Ok, here's the update.

When I first installed the 922, it was acting nothing like expected. Basically I was unable to follow the "quick" install instructions that came with it at all. Like I said, the first sign something was weird is that the receiver had the old GUI, yet was definitely a 922. You could go into the system info screen, and it said it was a 922, but the firmware was mega old - s063 if I remember correctly.

The first step of the procedure is to pair remotes, and that wouldn't work at all. My DVR is in a separate room, so had to keep walking back and forth, or get my son to work the controls while I watched the screen.

I messed around with it, but it was basically doing nothing. I ran check switch, so it was receiving OK, but was unauthorized, and had "Test Mode" written on the screen whenever you'd display any graphics.

The instructions stated it would do an update, but it was doing nothing, so I decided to authorize it, and see if that helped. I used the online authorization, which worked OK, but still nothing. I did discover my 722's IR remote would work as remote #1, and was strong enough that I could stand by the door, see the screen, and work the DVR at same time. That alone was a big help.

So anyway, decided to pull up tech-support chat, and see if they could help. I got sent to level 2 support immediately after I listed my issue. First the guy walked me through the process of pairing the remote - didn't work, duh. I've paired many remotes, and it's not rocket science, but wouldn't pair.

He then said he would research if there were any known issues, and sure enough, 2 minutes later he comes back, and said there is an issue that the 32.0 remote will not pair with "factory software" on the DVR... wonderful. He told me to turn off TV1 and TV2 both for 30 minutes, and it should update. I said OK, and ended the chat.

Shouldn't have done that...

Soon as I drop chat, I realize there's no way for me to turn off both TV1 and TV2; the DVR seems locked into dual mode. I can press "mode" on front, and although the light changes to single/pip, it stays in dual mode. Turning off power turns off TV1, but without a 2nd remote (which the 922 doesn't even have), no way to turn off TV2, and I don't have TV2 even attached. WTF?

So, with no way to pair remotes, the receiver unwilling to change to single mode and be turned off, I was in a bind. I was about to call up another chat session, but decided to go into the menus (old 722 style menus), and reset the DVR to factory defaults, wondering if that would take me out of "test mode", whatever that is.

Well, by luck or just experimentation, I hit the jackpot. When I reset to defaults, the receiver went into a process where it received latest firmware (s114), downloaded program guide, and basically transformed itself into a 922, right before my eyes. After that, I was able to go into system info, pair the remote just fine.

Since I'd backed up my timers (82) on the remote, I was easily able to restore them as well. (something Dish tech support told me can't be done, btw.)

After sitting all night, the receiver seems to be working great, and has downloaded all the channel logos, etc.

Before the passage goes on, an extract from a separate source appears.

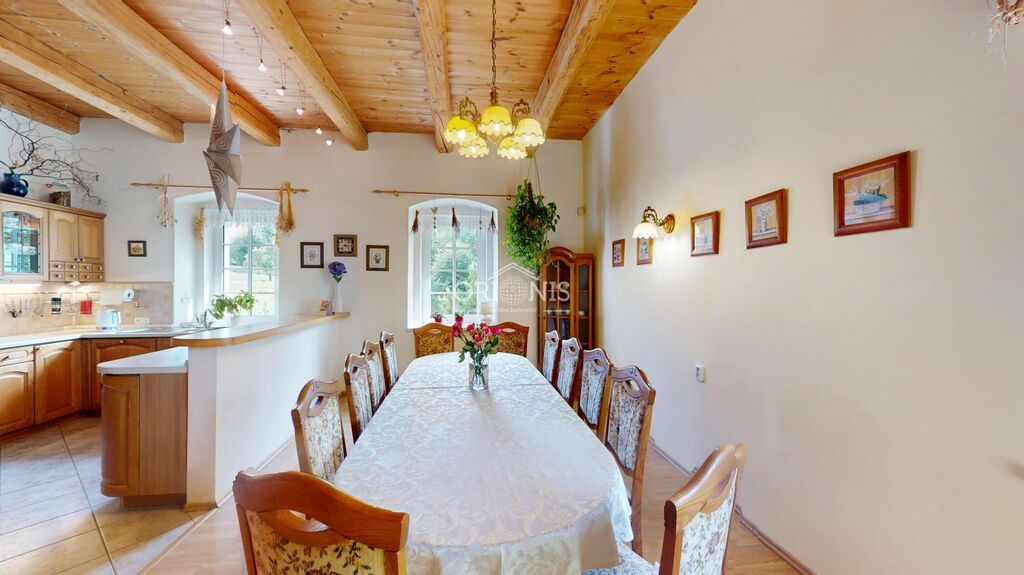 Prostorný byt 3+1 (kuchyň s jídelnou s krbovými kamny, obývací pokoj, ložnice), koupelna, dílna, technické zázemí, šatna, komora, výtah,

When I first turned it on this morning, I was greeted with a pop-up telling me "Congratulations, you are now Sling-Loaded!" which I'd never seen before.

So anyway, key take away - the receiver did not come to me in a condition it is supposed to, or the instructions are old and need to be updated. Not being able to pair my remote with the factory firmware presented a major obstacle, with my receiver being in another room. Resetting it to factory defaults set into process the firmware updates, and channel guide updates, and now it's working great.

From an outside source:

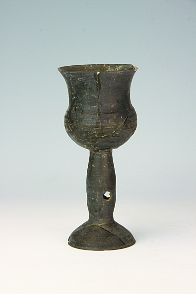 作为黑陶家族的一员,我浑身上下都是由细泥制作而成,每一个细胞都透着细腻与光滑,比夹砂黑陶和泥质黑陶不知道精致、典雅了多少倍,所以一出场就是带着光环的!而且,我们蛋壳陶成员的身材也都是极好的,都属于高柄杯,体态是清一色修长轻盈、高雅秀丽。听说,现在这种体型依然备受追捧,比如有一种玻璃杯与我们体型相似,是专门用来喝红酒的,而且是时尚、品味与浪漫的象征。

None of this is stuff I haven't dealt with before, I'm a troubleshooter by heart, but it's kinda disconcerting that the process to do a direct replacement was so messed up, and the tech support help I got didn't really help me at all. I can't even imagine a less tech-savvy person, your normal Joe or Mary, trying to pull this off, can you?

Love love love my dish, but man, sometimes you gotta jump through hoops!


----------



## Stewart Vernon

That's just weird.

FYI, companies like Dish routinely will ship receivers with "old" firmware... and that is intentional because sometimes a particular release is considered most stable and most reliable to install... so they will leave it there to ensure that a customer can get up and running before needing to take the most current firmware.

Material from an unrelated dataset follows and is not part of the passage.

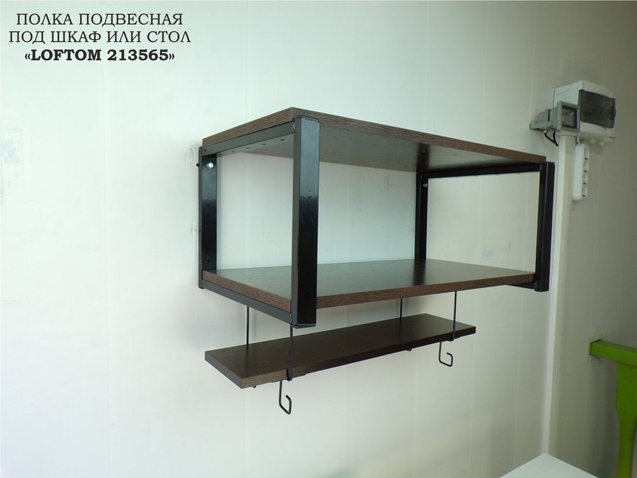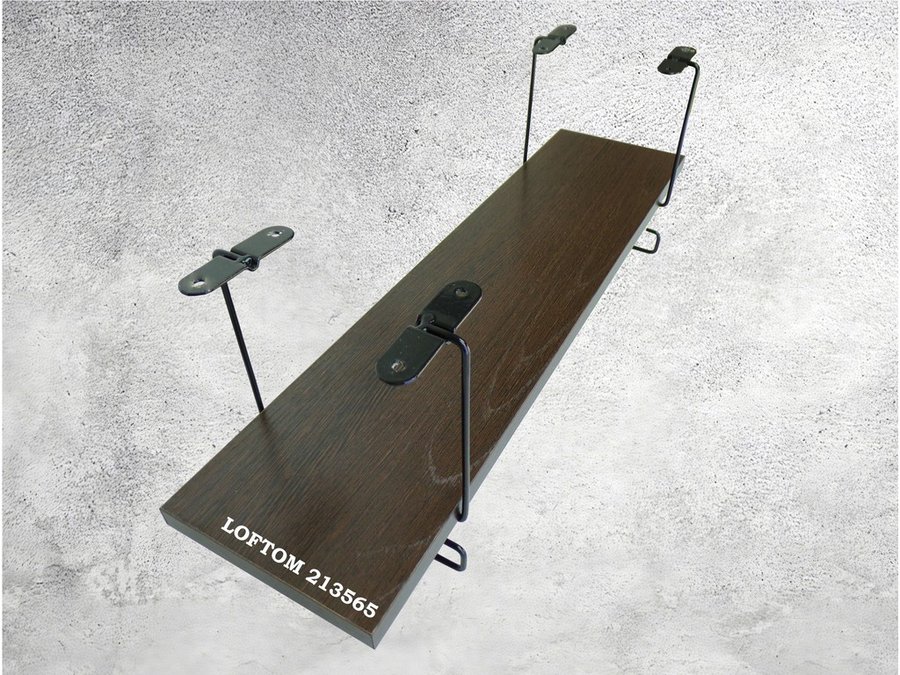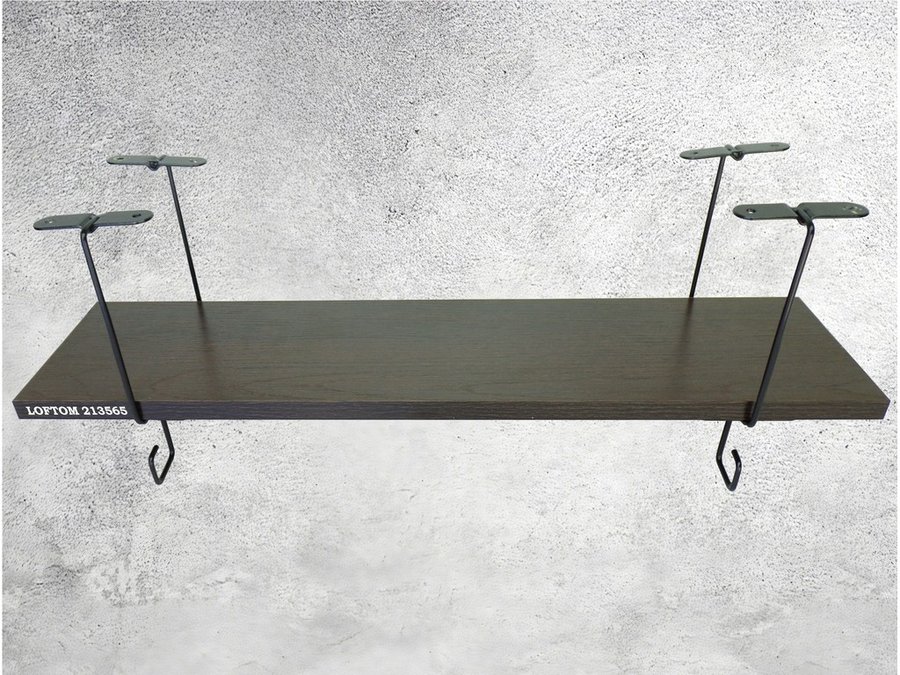 Полка подвесная под шкаф или стол черная, 60х15 см, венге "LOFTOM 213565" высота 15см, с крючками

That said... I don't know why you would have really old firmware with the 922 as it hasn't had that many cycles really in its short life. Also, I'm unaware of ANY firmware that resembled the 722-style GUI... so I wouldn't even hazard a guess as to what happened there... unless perhaps there is some default GUI when NO firmware has been flashed at all to a 922?

Anyway... this sounds like a quality-control issue with the refurb-dept if they are sending out 922 receivers in such a state. I'll pass the info along and see if anyone can find out what is going on and stop it from happening in the future.


----------



## Rotryrkt

They are all shipped that way. I have had the same thing with my brand new one and two replacements. You have to put the receiver in standby or do the "reset to factory defaults" to force the download of the new firmware. The "factory" firmware uses the old 722 GUI. This is normal behavior.


----------



## SButter1

I had a similar situation tonight when installing my replacement 922. I plugged it in, turned it on, only to find "722-like" menus. Nothing on the screen even remotely matched the great looking Connection Guide that came with the replacement receiver. I could not pair the remote. Fortunately the front panel was operational. After doing the obligatory Check Switch function and exhausting the usual menu options, I looked here and found this thread. 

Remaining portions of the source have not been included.